In order for us to successfully build an API on top of the eRSD values sets we need to make sure that we understand this dataset. Let's take some time to understand the data we are working with. Refer to the epic for links to the eRSD website and a copy of the dataset in XLSX format.

robertandremitchell commented 6 months ago

https://ecr.aimsplatform.org/ehr-implementers/triggering/

Trying to suss out a few differences in JSON.

eRSD Version 1 eRSD VERSION 1 RELEASE DESCRIPTION eRSD Version 1 includes the queries necessary for producing CDA eICR R1.1 reports. For eCR Now App Release 2.X.

eRSD Version 2 eRSD VERSION 2 RELEASE DESCRIPTION eRSD Version 2 includes the queries necessary for producing CDA eICR R1.1 reports. It is for users of the eCR Now FHIR App release 3.X and greater.

based on the note in the article about medication, I'm 99% we want v2. However, v2 is "only" 19MB compared to 33.4MB for v1. Doing some further comparison work today.

Also slightly confusing, the API calls https://ersd.aimsplatform.org/api/ersd/v2specification?format=json&api-key=[YOURKEYHERE] produce svelter json (v1 is 19MB, v2 is 12.5MB). I would think for the purposes of updating to get the latest info when building a database, we'll eventually want to implement building off the API endpoint, so I'm gonna also try to do more digging to figure out where/how/why they are different.

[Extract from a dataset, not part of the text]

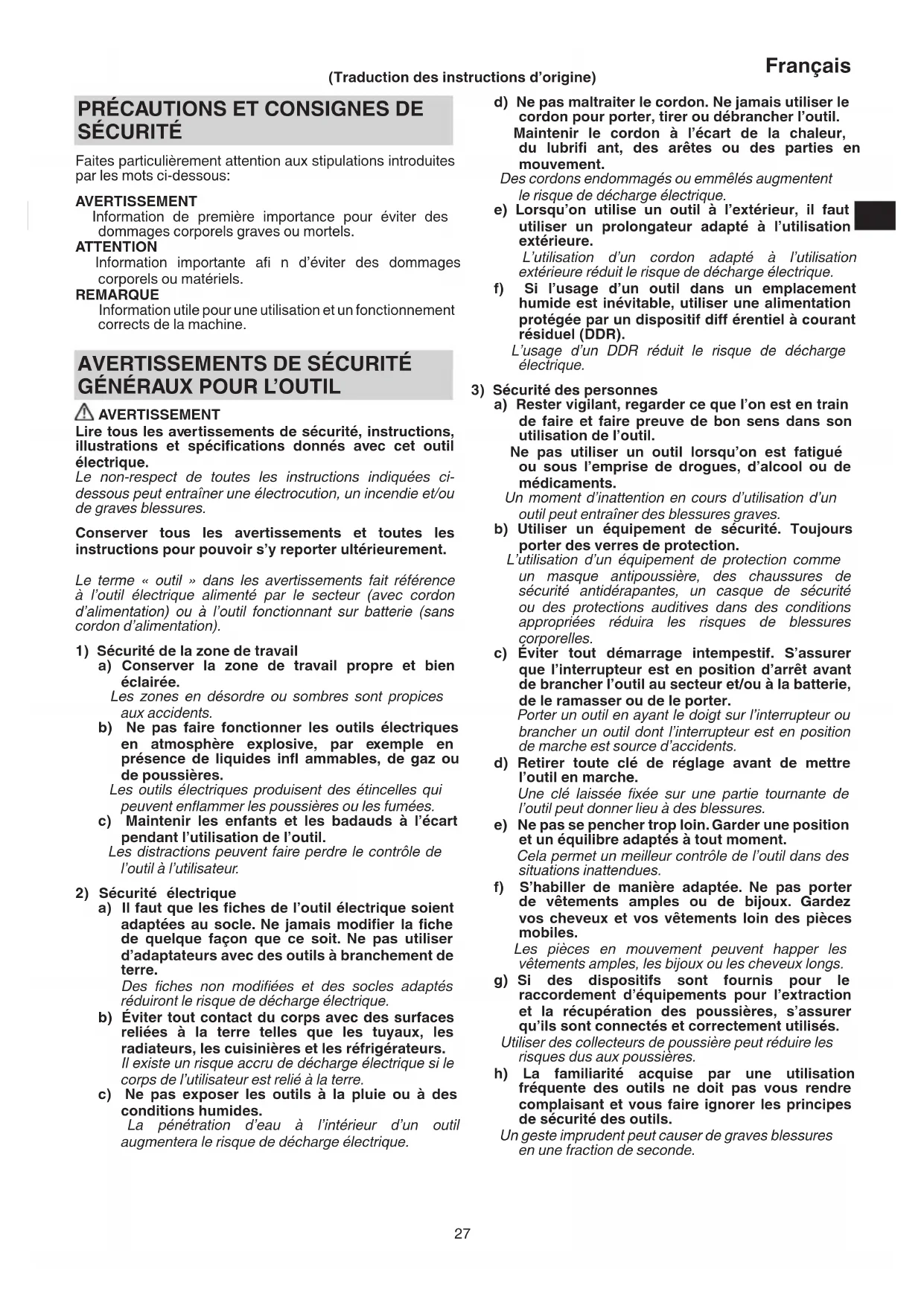 AVERTISSEMENT Lire tous les avertissements de sécurité, instructions, illustrations et spécifi cations donnés avec cet outil électrique. Le non-respect de toutes les instructions indiquées ci- dessous peut entraîner une électrocution, un incendie et/ou de graves blessures. Conserver tous les avertissements et toutes les instructions pour pouvoir s’y reporter ultérieurement. Le terme « outil » dans les avertissements fait référence à l’outil électrique alimenté par le secteur (avec cordon d’alimentation) ou à l’outil fonctionnant sur batterie (sans cordon d’alimentation).

robertandremitchell commented 6 months ago

For v2, we can drill down to data['entry'][i]['resource']['resourceType'] where resourceType == ValueSet to get down to

However, within those 1350ish ValueSets, there's also these:

>>> for i in data['entry']:
...     if i['resource']['resourceType'] == 'ValueSet':
...             test = i['resource']
...             if test.keys().__len__() > 13:
...                     print(test.keys())
... 
dict_keys(['resourceType', 'id', 'meta', 'extension', 'url', 'identifier', 'version', 'name', 'title', 'status', 'date', 'description', 'useContext', 'purpose', 'compose', 'expansion'])
dict_keys(['resourceType', 'id', 'meta', 'extension', 'url', 'identifier', 'version', 'name', 'title', 'status', 'date', 'description', 'useContext', 'purpose', 'compose', 'expansion'])
dict_keys(['resourceType', 'id', 'meta', 'extension', 'url', 'identifier', 'version', 'name', 'title', 'status', 'date', 'description', 'useContext', 'purpose', 'compose', 'expansion'])
dict_keys(['resourceType', 'id', 'meta', 'extension', 'url', 'identifier', 'version', 'name', 'title', 'status', 'date', 'description', 'useContext', 'purpose', 'compose', 'expansion'])
dict_keys(['resourceType', 'id', 'meta', 'extension', 'url', 'identifier', 'version', 'name', 'title', 'status', 'date', 'description', 'useContext', 'purpose', 'compose', 'expansion'])
dict_keys(['resourceType', 'id', 'meta', 'extension', 'url', 'identifier', 'version', 'name', 'title', 'status', 'date', 'description', 'useContext', 'purpose', 'compose', 'expansion'])
>>> for i in data['entry']:
...     if i['resource']['resourceType'] == 'ValueSet':
...             test = i['resource']
...             if test.keys().__len__() > 13:
...                     print(test['id'], test['purpose'])
... 
dxtc Diagnoses or problems documented in a clinical record.
ostc Nominal laboratory result values documented in a clinical record.
lotc Laboratory test names used in orders documented in a clinical record.
lrtc Laboratory test names used in observations documented in a clinical record.
mrtc Prescription drugs names used in observations documented in a clinical record.
sdtc Suspected diagnoses or problems documented in a clinical record.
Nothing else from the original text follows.